# Who is responsible for maintaining a right of way?



## stargirl01 (29 Jul 2009)

I have the last house in a row of houses with access to the rear via an unpaved muddy right of way. Who is responsible for the maintenance of the right of way?

I hope to put gravel etc. down to make it possible to drive my car down the laneway as I have no parking to the front of the house. A number of other vehicles use it, but they all have 4 wheel drive and rear wheel drive, hence the laneway is a muddy mess, and my little car will only make it on a lovely dry Irish summers week. (Hence very seldom) I am willing to cover the cost myself although I will try and ask the other residents to share the cost.



Is the corporation responsible for their maintenance? (It is in Dublin)
Could I get into trouble for dumping even though it will be purchased gravel?
If someone injures themselves due to the gravel, is it my responsibility?

Cheers


----------



## mathepac (29 Jul 2009)

Why do you describe the lane as a " right of way?"

Is this lane accessible from both ends or is it a cul de sac?

Do you park in the lane or do you drive into your back garden from it.

Is there any garden / yard to the front to  the house (convertible to parking space)?


----------



## stargirl01 (29 Jul 2009)

The lane is only accessible from one end and was once a mass path, which is wide enough for cars. There is only private properties off the lane. 
There is no where to the front of the house to put a parking space, (on a blind corner with double yellow lines). I currently park on the street down the road, but this is being put into paid parking and I am not entitled to get a disk for this area. (There is another similar street, so currently I can park there but every busy street in Dublin appears to be moving towards permit parking)
I am renovating the garden and hope to put a parking space in the garden.
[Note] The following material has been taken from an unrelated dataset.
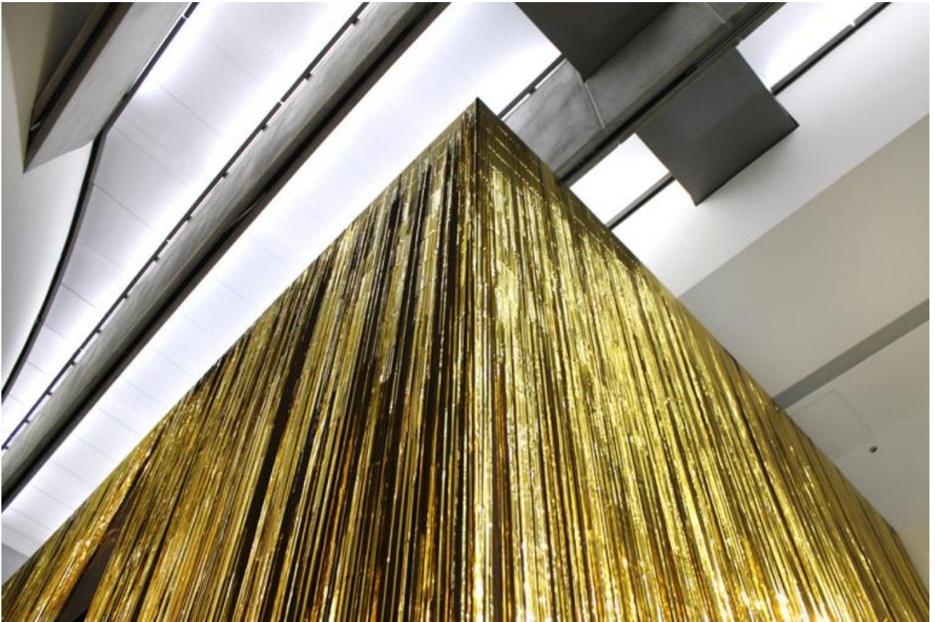
ZAPRUDER filmmakersgroup Zeus Machine 2016

Il vostro nome è un riferimento ad Abraham Zapruder, il video amatore più noto del secolo scorso per essersi casualmente trovato a filmare con la sua Super8 l'omicidio Kennedy, uno degli eventi più significativi della storia recente; narratore per caso nel secolo della fine di tutte le narrazioni storiche. A dispetto di ciò i vostri sono lavori complessi, presieduti da impianti performativi e canovacci surreali, a volte ossessivamente ripetitivi, altre con una struttura narrativa priva di uno svolgimento lineare, ma sempre prefissata. Come definite da un punto di vista dei contenuti il vostro lavoro e come vi ponete rispetto ai presupposti della narrazione classica e al rapporto con la storia?

When I do use it at the moment (which is seldom) I just park on the lane, as no one can go further than my house hence not obstructing anyone.
As I stated already a number of the other houses do use the lane to access their rear gardens for parking, and if I purchase a SUV or 4wd I would be able to also, but I have no need for a large car.


----------



## mathepac (29 Jul 2009)

Sorry I missed one question - whose property is the lane?


----------



## stargirl01 (29 Jul 2009)

Mathepac, I do not know who owns the lane and have been planning on checking with land registry but have yet to


----------



## Caveat (29 Jul 2009)

stargirl01 said:


> Mathepac, I do not know who owns the lane and have been planning on checking with land registry but have yet to


 
Until you know, I'm guessing that your question, as it stands, cannot be answered then.


----------



## Billo (29 Jul 2009)

stargirl01 said:


> When I do use it at the moment (which is seldom) I just park on the lane, as no one can go further than my house hence not obstructing anyone.
> As I stated already a number of the other houses do use the lane to access their rear gardens for parking, and if I purchase a SUV or 4wd I would be able to also, but I have no need for a large car.



Is that a contradiction ?


----------



## Brendan Burgess (29 Jul 2009)

As stargirl decided to abuse those who offered her useful advice, I am closing this thread.

Brendan


----------